Search code examples
phpdomdocument

Keeping line breaks when using PHP's DomDocument appendChild


I'm trying to use the DOMDocument in PHP to add/parse things in an HTML document. From what I could read, setting the formOutput to true and preserveWhiteSpace to false should keep the tabs and newlines in order, but it doesn't seem like it is for newly created or appended nodes.

Here's the code:

$dom = new \DOMDocument;
$dom->formatOutput = true;
$dom->preserveWhiteSpace = false;
$dom->loadHTMLFile($htmlsource);
$tables = $dom->getElementsByTagName('table');
foreach($tables as $table)
{
    $table->setAttribute('class', 'tborder');
    $div = $dom->createElement('div');
    $div->setAttribute('class', 'm2x');
    $table->parentNode->insertBefore($div, $table);
    $div->appendChild($table);
}
$dom->saveHTMLFile($html)

Here's what the HTML looks like:

<table>
    <tr>
        <td></td>
    </tr>
</table>

Here's what I want:

<div class="m2x">
    <table class="tborder">
        <tr>
            <td></td>
        </tr>
    </table>
</div>

Here's what I get:

<div class="m2x"><table class="tborder"><tr>
<td></td>
        </tr></table></div>

Is there something I'm doing wrong? I've tried googling this as many different ways as I could thing of with no luck.


Solution

  • Unfortunately, you might need to write a function that indents the output how you want it. I made a little function you might find helpful.

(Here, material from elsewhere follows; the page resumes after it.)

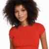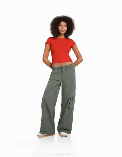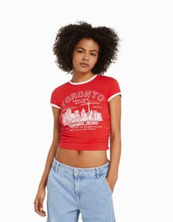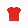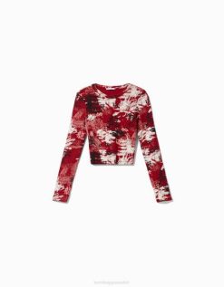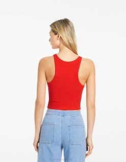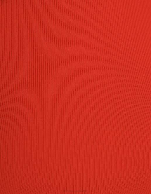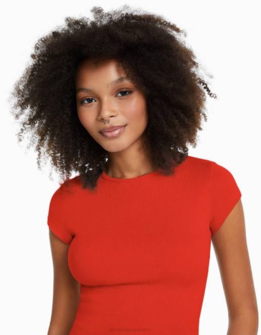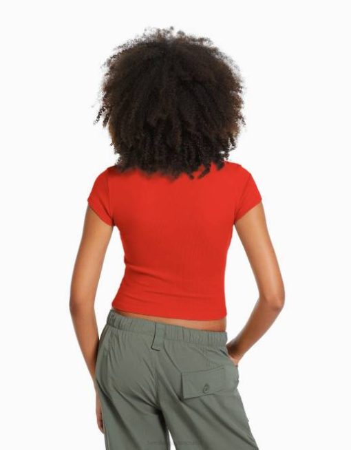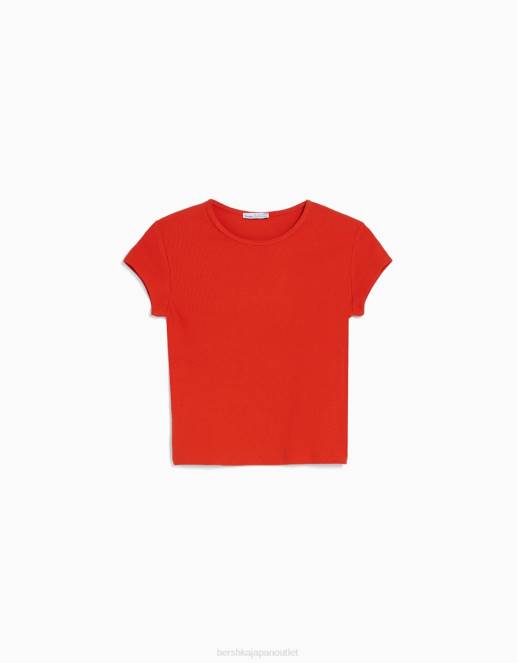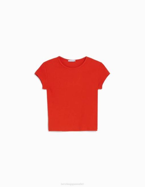 女性 Bershka リブ半袖Tシャツ 6044351 衣類 赤

    function indentContent($content, $tab="\t")
    {               
    
            // add marker linefeeds to aid the pretty-tokeniser (adds a linefeed between all tag-end boundaries)
            $content = preg_replace('/(>)(<)(\/*)/', "$1\n$2$3", $content);
    
            // now indent the tags
            $token = strtok($content, "\n");
            $result = ''; // holds formatted version as it is built
            $pad = 0; // initial indent
            $matches = array(); // returns from preg_matches()
    
            // scan each line and adjust indent based on opening/closing tags
            while ($token !== false) 
            {
                    $token = trim($token);
                    // test for the various tag states
    
                    // 1. open and closing tags on same line - no change
                    if (preg_match('/.+<\/\w[^>]*>$/', $token, $matches)) $indent=0;
                    // 2. closing tag - outdent now
                    elseif (preg_match('/^<\/\w/', $token, $matches))
                    {
                            $pad--;
                            if($indent>0) $indent=0;
                    }
                    // 3. opening tag - don't pad this one, only subsequent tags
                    elseif (preg_match('/^<\w[^>]*[^\/]>.*$/', $token, $matches)) $indent=1;
                    // 4. no indentation needed
                    else $indent = 0;
    
                    // pad the line with the required number of leading spaces
                    $line = str_pad($token, strlen($token)+$pad, $tab, STR_PAD_LEFT);
                    $result .= $line."\n"; // add to the cumulative result, with linefeed
                    $token = strtok("\n"); // get the next token
                    $pad += $indent; // update the pad size for subsequent lines    
            }       
    
            return $result;
    }
    

    indentContent($dom->saveHTML()) will return:

    <!DOCTYPE html PUBLIC "-//W3C//DTD HTML 4.0 Transitional//EN" "http://www.w3.org/TR/REC-html40/loose.dtd">
    <html>
        <body>
            <div class="m2x">
                <table class="tborder">
                    <tr>
                        <td>
                        </td>
                    </tr>
                </table>
            </div>
        </body>
    </html>
    

    I created this function starting with this one.